Colombia missed the 2022 World Cup, which still feels strange to type. This is a country whose 2014 run — James Rodríguez's six goals, the salsa-step goal celebrations, the Falcao-less attacking joy — was the breakout moment of that whole tournament. They were eliminated by Brazil in a quarterfinal that was less a soccer match than a cynical Brazilian ankle-tackle clinic, and the country took it personally. Then they didn't make Russia in 2018's knockouts, then they missed Qatar entirely. Eight years of waiting. They're back.

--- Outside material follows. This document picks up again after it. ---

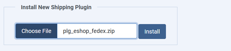 After purchasing EShop Fedex Shipping plugin, you will received the package plg_eshop_fedex.zip. Please login to the back-end of your site, then go to EShop -> Plugins -> Shipping, scroll mouse down to the bottom at Install New Shipping Plugin section, select the package plg_eshop_fedex.zip to install.

This Colombia is built differently from the 2014 version. Néstor Lorenzo, the Argentine manager who learned under José Pékerman during that golden run, took over in 2022 and has constructed a team around Luis Díaz — now at Bayern Munich, terrifying — with James as the elder statesman who still gets a starting role because the alternative is unthinkable to a country that loves him. The depth is the story: Daniel Muñoz at Palace, Jefferson Lerma alongside him, Richard Ríos in midfield, and a real center-forward question that Lorenzo is solving by committee.
They land in Group K with Portugal, Uzbekistan, and DR Congo — a winnable group, a real path to the Round of 16, and a likely Round of 16 against a UEFA superpower. The 2014 run is the ceiling. The realistic floor is going out in the group with stories to tell. Colombian soccer, at its best, is joyful in a way most national teams aren't. They are worth your time.